**Work instruction**
Print exactly and only the lines that run from the one containing "Presentation Background,Generative AI" through the end of the material, please, omitting pictures.
-*-*-
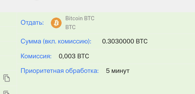 👉 За приоритетную обработку взимается фиксированная комиссия 5 единиц, заявки обрабатываются в течении 10и минут.
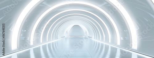 Naklejka premium 光るネオンラインと光のエフェクトを持つ抽象的な白いトンネル。製品プレゼンテーションの背景,Abstract white tunnel with glowing neon lines and light effects. Product Presentation Background,Generative AI
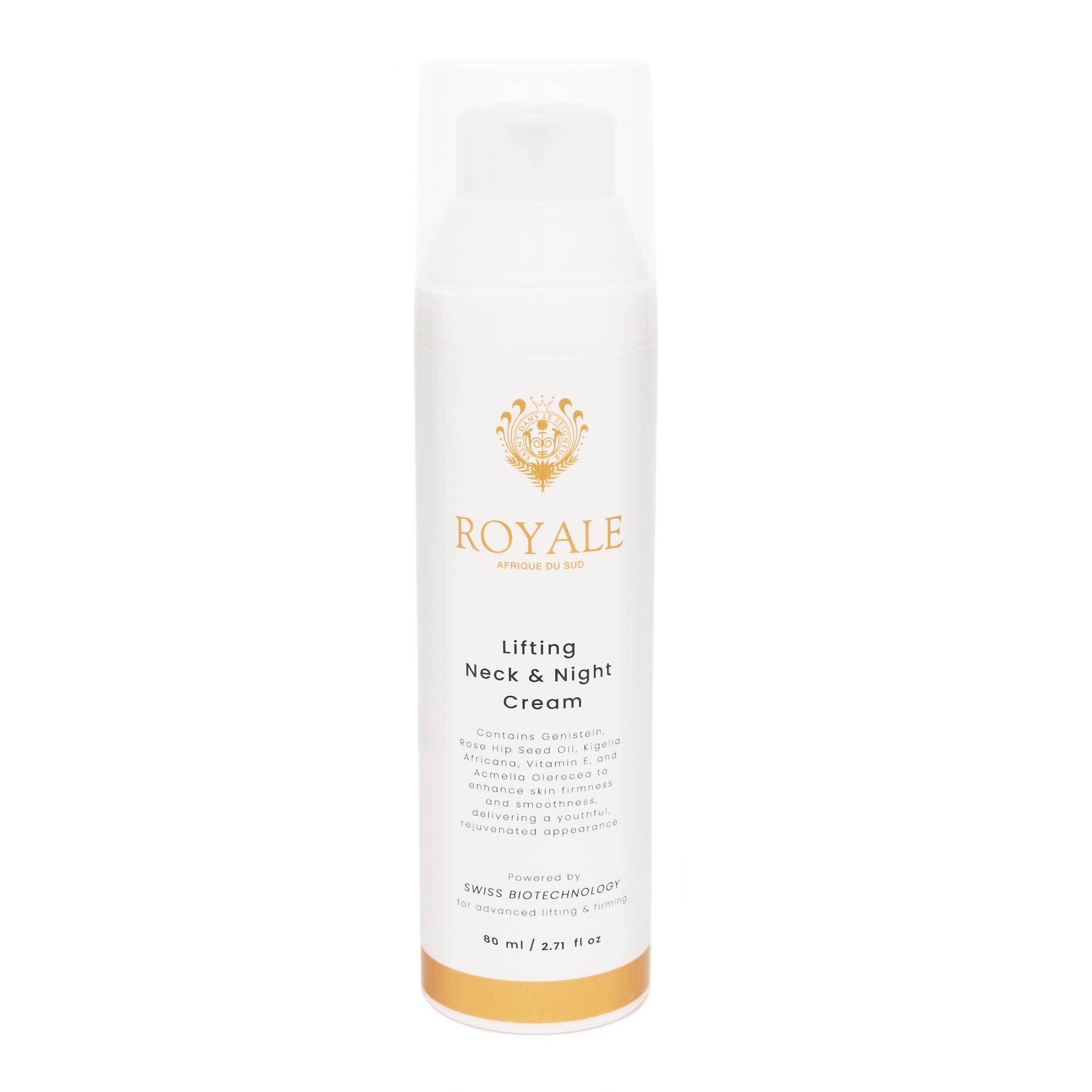 Experience the transformative power of ROYALE Lifting Neck & Night Cream, a luxurious multi-purpose moisturizer designed to deeply hydrate, firm, and nourish your skin overnight. This advanced formula works harmoniously to rejuvenate the delicate neck and décolletage area while providing intensive nourishment to your face as you sleep.
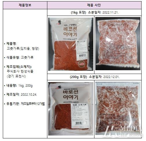 미디어아워 최태문 기자 | 식품의약품안전처는 식품소분업체인 ‘주식회사 한성식품(경기 포천시 소재)’이 소분∙판매한 ‘고추가루(김치용, 청양)(식품유형: 고춧가루)’가 식중독균인 클로스트리디움 퍼프린젠스 기준 부적합으로 확인되어 해당 제품을 판매 중단하고 회수 조치한다.
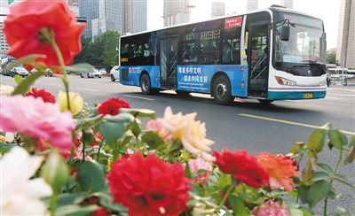 帶有上合峰會標(biāo)識的公交車行駛在青島街頭。 |
-*-*-
**Answer for the task**
 Naklejka premium 光るネオンラインと光のエフェクトを持つ抽象的な白いトンネル。製品プレゼンテーションの背景,Abstract white tunnel with glowing neon lines and light effects. Product Presentation Background,Generative AI
 Experience the transformative power of ROYALE Lifting Neck & Night Cream, a luxurious multi-purpose moisturizer designed to deeply hydrate, firm, and nourish your skin overnight. This advanced formula works harmoniously to rejuvenate the delicate neck and décolletage area while providing intensive nourishment to your face as you sleep.
 미디어아워 최태문 기자 | 식품의약품안전처는 식품소분업체인 ‘주식회사 한성식품(경기 포천시 소재)’이 소분∙판매한 ‘고추가루(김치용, 청양)(식품유형: 고춧가루)’가 식중독균인 클로스트리디움 퍼프린젠스 기준 부적합으로 확인되어 해당 제품을 판매 중단하고 회수 조치한다.
 帶有上合峰會標(biāo)識的公交車行駛在青島街頭。 |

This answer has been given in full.